Task to carry out: The listing below is to be duplicated exactly, with every picture omitted.

Data section:

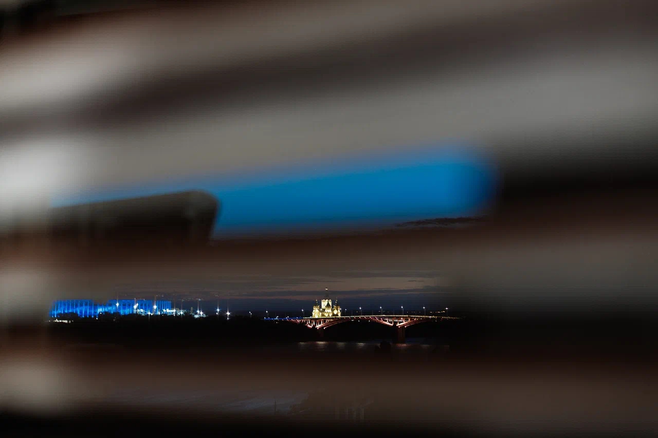 Спустя полчаса неспешным шагом мы добираемся до самой красивой точки на маршруте — метромоста. Оттуда через застекленные окна открывается вид на собор Александра Невского, улицу Черниговскую и Оку. До места мы добрались, когда уже начало светать, — сквозь вентиляционную решетку открывался невероятный вид на просыпающийся город.
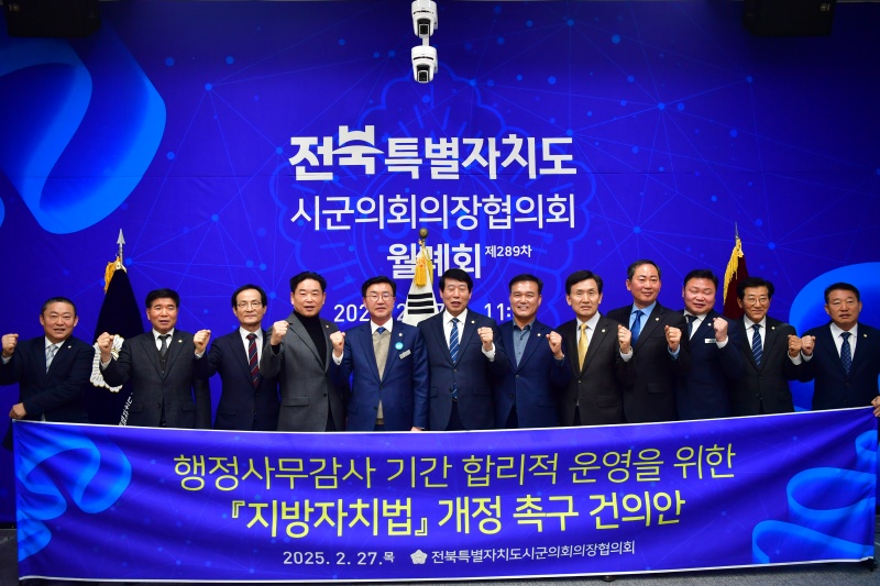[정치=뉴전북] 완주군의회(의장 유의식)는 27일 열린 제289차 전북특별자치도 시·군의회 의장협의회 월례회에서 ‘행정사무감사 기간 합리적 운영을 위한 ’지방자치법 개정 촉구 건의안’을 제출했으며, 해당 건의안이 만장일치로 채택됐다고 밝혔다.
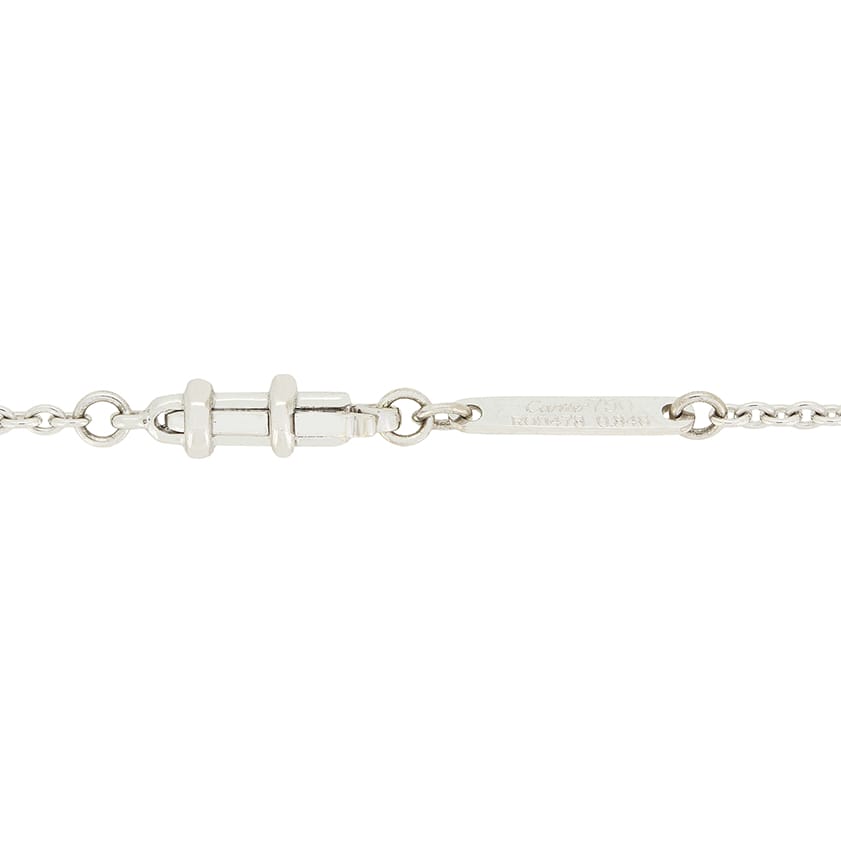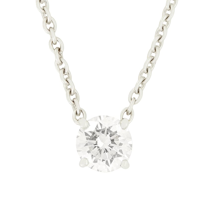 From Cartier comes this timeless single diamond pendant. The diamond weighs 0.84 carat with a colour of G and clarity of VS1. Claw set into 18 carat white gold, this pendant sits upon a 16″ chain, making it perfect for everyday wear. This wonderful piece comes with its original Cartier certification.
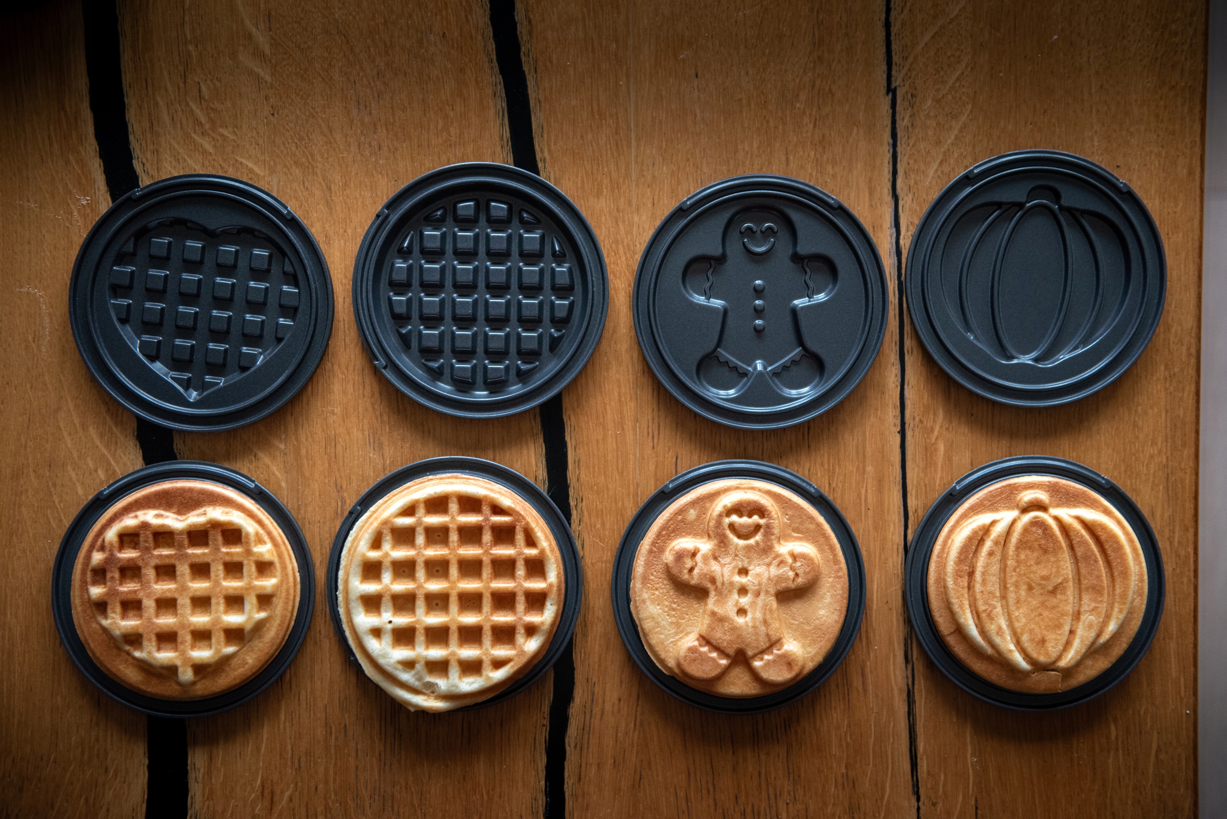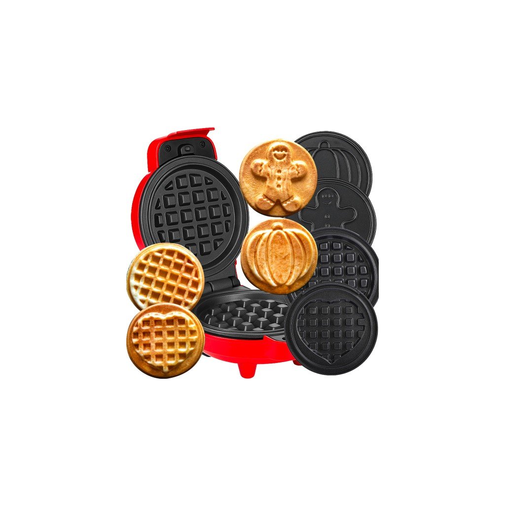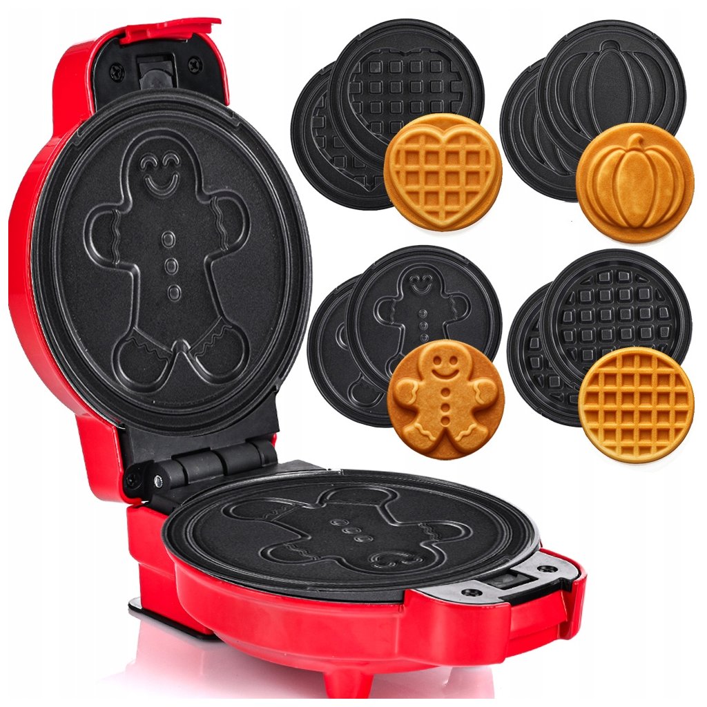 Díky čtyřem vyměnitelným deskám (dýně, perník, srdce, kruh) vykouzlíte vafle ideální pro každou příležitost – od narozeninových oslav až po vánoční překvapení.
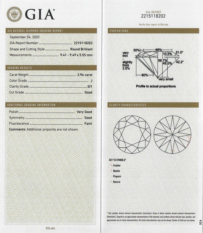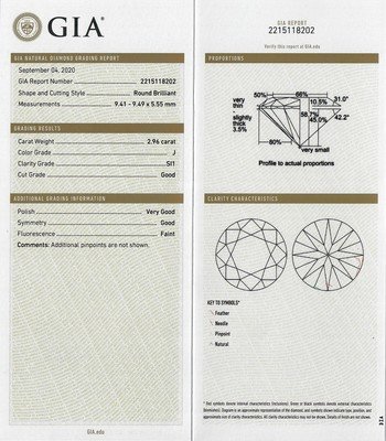 GIA, 2020, Report number 2215118202, 2.96 carats, J color, SI1 clarity, Faint fluorescence

Answer area:
 Спустя полчаса неспешным шагом мы добираемся до самой красивой точки на маршруте — метромоста. Оттуда через застекленные окна открывается вид на собор Александра Невского, улицу Черниговскую и Оку. До места мы добрались, когда уже начало светать, — сквозь вентиляционную решетку открывался невероятный вид на просыпающийся город.
[정치=뉴전북] 완주군의회(의장 유의식)는 27일 열린 제289차 전북특별자치도 시·군의회 의장협의회 월례회에서 ‘행정사무감사 기간 합리적 운영을 위한 ’지방자치법 개정 촉구 건의안’을 제출했으며, 해당 건의안이 만장일치로 채택됐다고 밝혔다.
 From Cartier comes this timeless single diamond pendant. The diamond weighs 0.84 carat with a colour of G and clarity of VS1. Claw set into 18 carat white gold, this pendant sits upon a 16″ chain, making it perfect for everyday wear. This wonderful piece comes with its original Cartier certification.
 Díky čtyřem vyměnitelným deskám (dýně, perník, srdce, kruh) vykouzlíte vafle ideální pro každou příležitost – od narozeninových oslav až po vánoční překvapení.
 GIA, 2020, Report number 2215118202, 2.96 carats, J color, SI1 clarity, Faint fluorescence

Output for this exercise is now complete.